• **What is expected**
Check the data underneath for lines holding the word "combination", and state only how many you find.

[Data items]
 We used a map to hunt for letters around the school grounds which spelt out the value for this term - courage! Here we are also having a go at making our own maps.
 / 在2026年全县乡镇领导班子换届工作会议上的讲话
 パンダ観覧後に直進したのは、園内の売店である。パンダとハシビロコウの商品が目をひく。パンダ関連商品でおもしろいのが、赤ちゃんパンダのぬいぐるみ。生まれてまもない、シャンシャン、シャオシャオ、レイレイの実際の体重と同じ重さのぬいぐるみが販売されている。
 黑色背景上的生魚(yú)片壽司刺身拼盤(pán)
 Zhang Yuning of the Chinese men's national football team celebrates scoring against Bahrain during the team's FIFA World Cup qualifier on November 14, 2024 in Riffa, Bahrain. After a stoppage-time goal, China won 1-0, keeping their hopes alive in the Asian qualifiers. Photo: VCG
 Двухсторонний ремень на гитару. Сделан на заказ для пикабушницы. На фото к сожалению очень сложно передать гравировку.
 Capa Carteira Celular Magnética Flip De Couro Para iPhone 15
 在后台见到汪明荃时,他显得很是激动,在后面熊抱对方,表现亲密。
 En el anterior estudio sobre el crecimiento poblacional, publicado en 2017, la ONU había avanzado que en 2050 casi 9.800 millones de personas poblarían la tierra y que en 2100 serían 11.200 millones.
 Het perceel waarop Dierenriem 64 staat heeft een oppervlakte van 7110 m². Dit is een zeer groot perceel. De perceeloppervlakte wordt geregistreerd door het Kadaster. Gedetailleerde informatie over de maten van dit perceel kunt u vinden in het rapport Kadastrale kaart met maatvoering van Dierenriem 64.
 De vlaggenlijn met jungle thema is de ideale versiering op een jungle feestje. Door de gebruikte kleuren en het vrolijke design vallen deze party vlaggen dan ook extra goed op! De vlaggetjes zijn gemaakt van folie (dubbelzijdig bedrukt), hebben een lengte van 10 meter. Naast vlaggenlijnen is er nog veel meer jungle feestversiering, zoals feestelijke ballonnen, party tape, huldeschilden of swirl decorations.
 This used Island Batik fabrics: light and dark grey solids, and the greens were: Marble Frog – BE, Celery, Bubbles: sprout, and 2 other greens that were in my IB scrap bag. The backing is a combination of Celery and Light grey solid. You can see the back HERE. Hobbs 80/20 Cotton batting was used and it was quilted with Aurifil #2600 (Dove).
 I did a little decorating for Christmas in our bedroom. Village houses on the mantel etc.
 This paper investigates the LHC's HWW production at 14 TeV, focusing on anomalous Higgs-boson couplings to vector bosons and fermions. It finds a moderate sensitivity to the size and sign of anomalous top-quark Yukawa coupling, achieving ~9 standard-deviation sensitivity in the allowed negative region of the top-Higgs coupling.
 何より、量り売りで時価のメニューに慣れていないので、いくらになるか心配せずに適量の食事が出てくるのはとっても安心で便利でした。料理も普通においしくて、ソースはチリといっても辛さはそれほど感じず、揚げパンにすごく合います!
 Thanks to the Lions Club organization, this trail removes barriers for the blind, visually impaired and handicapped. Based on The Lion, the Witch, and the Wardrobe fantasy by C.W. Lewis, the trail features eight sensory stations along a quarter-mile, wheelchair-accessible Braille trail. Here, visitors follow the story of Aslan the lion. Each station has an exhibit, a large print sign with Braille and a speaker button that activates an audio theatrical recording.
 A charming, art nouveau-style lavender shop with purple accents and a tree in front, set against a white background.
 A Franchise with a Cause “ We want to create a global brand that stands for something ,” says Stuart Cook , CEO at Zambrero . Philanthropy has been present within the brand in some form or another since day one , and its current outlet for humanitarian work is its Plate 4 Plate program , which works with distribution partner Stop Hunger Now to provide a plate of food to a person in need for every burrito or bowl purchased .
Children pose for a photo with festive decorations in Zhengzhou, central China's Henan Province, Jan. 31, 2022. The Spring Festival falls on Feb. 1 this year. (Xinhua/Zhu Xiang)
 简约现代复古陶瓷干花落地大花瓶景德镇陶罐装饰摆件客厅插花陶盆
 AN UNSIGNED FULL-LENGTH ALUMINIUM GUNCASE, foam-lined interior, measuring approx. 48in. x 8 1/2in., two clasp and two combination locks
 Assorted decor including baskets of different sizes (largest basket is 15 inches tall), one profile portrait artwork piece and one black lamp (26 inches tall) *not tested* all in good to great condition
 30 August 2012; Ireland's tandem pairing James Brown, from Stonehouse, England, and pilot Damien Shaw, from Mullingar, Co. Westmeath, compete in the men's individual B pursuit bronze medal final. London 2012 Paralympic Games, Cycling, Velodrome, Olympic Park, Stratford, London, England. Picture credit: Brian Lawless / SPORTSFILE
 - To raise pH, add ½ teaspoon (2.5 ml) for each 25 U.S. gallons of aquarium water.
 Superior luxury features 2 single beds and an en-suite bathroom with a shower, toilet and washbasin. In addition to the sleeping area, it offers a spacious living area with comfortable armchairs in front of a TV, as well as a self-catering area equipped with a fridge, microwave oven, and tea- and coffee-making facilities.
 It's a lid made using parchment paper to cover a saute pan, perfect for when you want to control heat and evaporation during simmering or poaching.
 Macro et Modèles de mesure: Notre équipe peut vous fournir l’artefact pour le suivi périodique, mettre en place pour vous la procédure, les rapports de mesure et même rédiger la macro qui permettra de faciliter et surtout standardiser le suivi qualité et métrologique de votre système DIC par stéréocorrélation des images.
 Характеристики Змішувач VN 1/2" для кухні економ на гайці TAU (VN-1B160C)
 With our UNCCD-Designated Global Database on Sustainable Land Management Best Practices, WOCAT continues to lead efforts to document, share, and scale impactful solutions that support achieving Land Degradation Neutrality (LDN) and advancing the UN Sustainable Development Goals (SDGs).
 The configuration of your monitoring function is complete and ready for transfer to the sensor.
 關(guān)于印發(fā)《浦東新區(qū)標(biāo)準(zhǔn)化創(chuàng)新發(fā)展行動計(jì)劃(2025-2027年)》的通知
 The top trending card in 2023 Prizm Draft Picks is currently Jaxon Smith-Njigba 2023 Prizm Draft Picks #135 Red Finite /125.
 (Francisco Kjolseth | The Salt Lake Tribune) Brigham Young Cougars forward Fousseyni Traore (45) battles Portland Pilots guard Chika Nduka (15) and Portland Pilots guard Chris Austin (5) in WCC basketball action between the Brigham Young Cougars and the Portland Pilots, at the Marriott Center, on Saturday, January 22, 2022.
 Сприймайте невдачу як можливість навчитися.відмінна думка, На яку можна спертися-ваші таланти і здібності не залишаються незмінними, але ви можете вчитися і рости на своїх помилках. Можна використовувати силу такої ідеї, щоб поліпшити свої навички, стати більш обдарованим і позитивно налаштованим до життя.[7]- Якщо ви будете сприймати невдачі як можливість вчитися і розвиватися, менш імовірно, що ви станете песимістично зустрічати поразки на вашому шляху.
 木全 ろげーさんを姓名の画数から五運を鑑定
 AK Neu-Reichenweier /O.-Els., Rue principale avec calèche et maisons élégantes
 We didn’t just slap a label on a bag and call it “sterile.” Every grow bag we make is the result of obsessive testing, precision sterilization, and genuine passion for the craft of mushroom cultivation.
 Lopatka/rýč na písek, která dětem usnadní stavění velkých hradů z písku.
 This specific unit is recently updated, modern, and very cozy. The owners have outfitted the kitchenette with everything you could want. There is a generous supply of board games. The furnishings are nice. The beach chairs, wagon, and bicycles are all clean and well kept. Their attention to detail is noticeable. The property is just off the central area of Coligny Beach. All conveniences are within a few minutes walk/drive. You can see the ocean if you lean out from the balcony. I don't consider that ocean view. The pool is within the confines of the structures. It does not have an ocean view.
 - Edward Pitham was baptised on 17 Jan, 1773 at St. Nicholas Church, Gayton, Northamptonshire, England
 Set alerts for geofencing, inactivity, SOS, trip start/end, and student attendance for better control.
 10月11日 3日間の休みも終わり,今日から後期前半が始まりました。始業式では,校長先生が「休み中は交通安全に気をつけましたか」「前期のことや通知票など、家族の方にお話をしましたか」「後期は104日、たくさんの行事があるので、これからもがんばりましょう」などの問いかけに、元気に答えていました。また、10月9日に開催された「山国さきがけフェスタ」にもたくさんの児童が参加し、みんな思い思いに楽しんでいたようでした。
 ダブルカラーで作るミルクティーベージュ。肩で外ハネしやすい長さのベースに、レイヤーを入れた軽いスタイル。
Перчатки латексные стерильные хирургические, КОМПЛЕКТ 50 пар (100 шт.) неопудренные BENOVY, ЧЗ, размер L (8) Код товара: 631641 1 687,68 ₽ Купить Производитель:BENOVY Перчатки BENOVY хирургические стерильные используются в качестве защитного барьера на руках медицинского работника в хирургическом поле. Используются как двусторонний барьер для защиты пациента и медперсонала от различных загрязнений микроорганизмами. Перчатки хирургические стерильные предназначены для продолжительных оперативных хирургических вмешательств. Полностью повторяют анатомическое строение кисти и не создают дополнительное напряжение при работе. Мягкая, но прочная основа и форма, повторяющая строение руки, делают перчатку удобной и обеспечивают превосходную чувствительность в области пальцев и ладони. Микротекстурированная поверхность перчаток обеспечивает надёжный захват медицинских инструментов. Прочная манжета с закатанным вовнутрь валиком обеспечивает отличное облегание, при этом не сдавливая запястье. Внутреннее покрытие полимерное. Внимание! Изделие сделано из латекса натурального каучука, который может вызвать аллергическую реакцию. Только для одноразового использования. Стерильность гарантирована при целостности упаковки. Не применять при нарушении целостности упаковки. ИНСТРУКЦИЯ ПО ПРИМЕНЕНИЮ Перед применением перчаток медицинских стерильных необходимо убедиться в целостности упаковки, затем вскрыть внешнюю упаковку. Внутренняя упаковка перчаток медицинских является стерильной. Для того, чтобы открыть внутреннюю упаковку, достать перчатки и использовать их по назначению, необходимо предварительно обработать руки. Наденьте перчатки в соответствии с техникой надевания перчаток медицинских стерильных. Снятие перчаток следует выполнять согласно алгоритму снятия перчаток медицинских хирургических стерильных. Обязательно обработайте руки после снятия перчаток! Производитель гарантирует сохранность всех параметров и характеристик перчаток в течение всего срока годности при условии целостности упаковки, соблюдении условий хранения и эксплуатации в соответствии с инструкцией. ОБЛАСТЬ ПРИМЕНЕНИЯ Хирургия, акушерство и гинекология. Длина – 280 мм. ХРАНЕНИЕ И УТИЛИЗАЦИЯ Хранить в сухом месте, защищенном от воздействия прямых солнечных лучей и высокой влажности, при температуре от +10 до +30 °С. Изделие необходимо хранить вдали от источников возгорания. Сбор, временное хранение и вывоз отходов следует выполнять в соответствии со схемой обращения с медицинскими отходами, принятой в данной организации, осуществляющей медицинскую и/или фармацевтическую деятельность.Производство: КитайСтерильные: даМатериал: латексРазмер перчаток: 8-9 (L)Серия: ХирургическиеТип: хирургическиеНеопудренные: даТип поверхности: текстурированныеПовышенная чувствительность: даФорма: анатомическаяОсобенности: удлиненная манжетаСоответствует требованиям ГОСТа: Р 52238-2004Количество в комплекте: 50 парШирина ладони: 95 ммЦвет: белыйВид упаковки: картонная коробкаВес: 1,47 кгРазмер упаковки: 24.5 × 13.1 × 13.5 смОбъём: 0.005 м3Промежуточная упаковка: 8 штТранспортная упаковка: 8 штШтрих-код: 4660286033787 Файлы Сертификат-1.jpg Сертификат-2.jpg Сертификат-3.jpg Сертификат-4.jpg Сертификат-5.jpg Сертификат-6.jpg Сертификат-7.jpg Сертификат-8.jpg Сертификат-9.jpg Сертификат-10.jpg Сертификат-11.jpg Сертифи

• **Task result**
2